17 settembre 2015 Cronaca

Formia. La guardia di finanza sequestra 270 chili di polvere pirica e 600 mortai di vario calibro illecitamente detenuti. Denunciato un soggetto di Castelforte. Nel quadro della costante attività di prevenzione volta al controllo economico del territorio, al contrasto e alla repressione dei reati afferenti il fenomeno della illecita detenzione di armi, munizioni e materiale esplodente, i militari del comando provinciale della guardia di finanza di Latina, hanno individuato nel comune di Castelforte un soggetto in possesso di un grosso quantitativo di materiale esplodente illecitamente detenuto. In tale contesto, i finanzieri hanno individuato in località “Pozzillo” nel comune di Castelforte, a ridosso dal centro cittadino, un soggetto intento a predisporre vari inneschi di fuochi pirotecnici costituiti da potenti ordigni. L’accertamento permetteva di rilevare che il soggetto, un 23enne di nazionalità italiana, P.F. era sprovvisto di documentazione circa la provenienza, fabbricazione, trasporto e detenzione del suddetto materiale esplodente, costituito da polveri e miscele piriche (zolfo, polvere di alluminio, carbone, percolorato e colorato di potassio).
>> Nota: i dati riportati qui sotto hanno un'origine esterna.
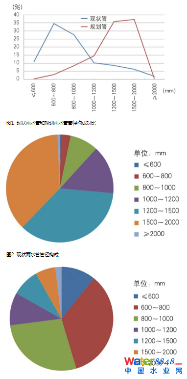 圖1 現(xiàn)狀雨水管和規(guī)劃雨水管管徑構(gòu)成對(duì)比
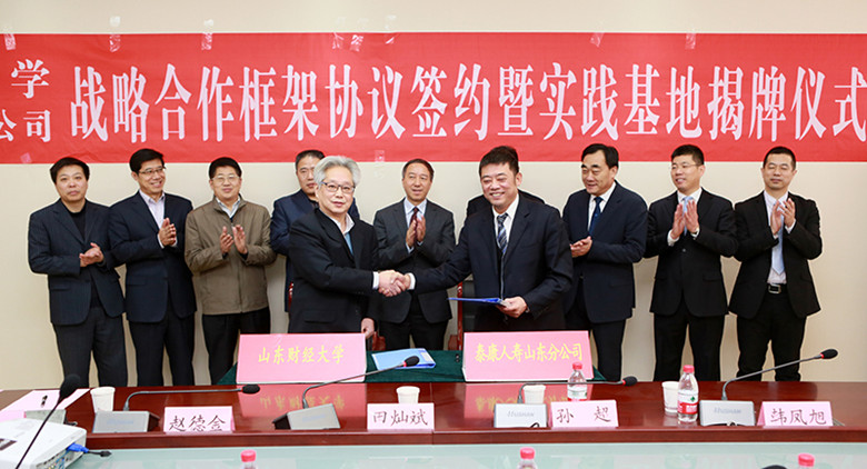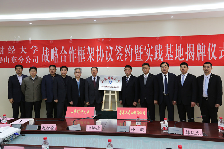 (编辑:李磊)1月26日上午,山东财经大学、泰康人寿保险股份有限公司山东分公司战略合作协议签约暨社会实践基地揭牌仪式在舜耕校区举行。泰康人寿山东分公司总经理田灿斌,副总经理孙超、赵德金、韩凤旭,山东财经大学校长卓志、副校长胡文波出席仪式,学校有关部门负责人和保险学院师生代表参加了签约仪式。

Le fiamme gialle procedevano quindi al sequestro di circa 270 chili di polvere pirica attiva contenuta in 600 ordigni (tra cui palle sferiche, flash bang, fire works, cilindri luminosi e candele romane) 600 mortai di vario calibro nonché quattro sofisticate centraline elettriche per innesti. Il responsabile è stato denunciato alla procura della repubblica di Cassino per la violazione degli artt. 678, 679 c.p. (fabbricazione e omessa denuncia di materiale esplodente) e 55 del t.u.l.p.s. (mancata registrazione ai fini di pubblica sicurezza). L’operazione di servizio condotta si è rilevata decisiva al fine di preservare la sicurezza e l’incolumità dei cittadini, sequestrando prodotti pericolosi che, anche in relazione all’ubicazione e la concentrazione degli stessi in un unico posto, se innescati, potevano rappresentare un micidiale ed elevato potenziale distruttivo rilevandosi nella circostanza fatali per le persone che, completamente ignare, abitavano nelle immediate adiacenze. (17 settembre 2015)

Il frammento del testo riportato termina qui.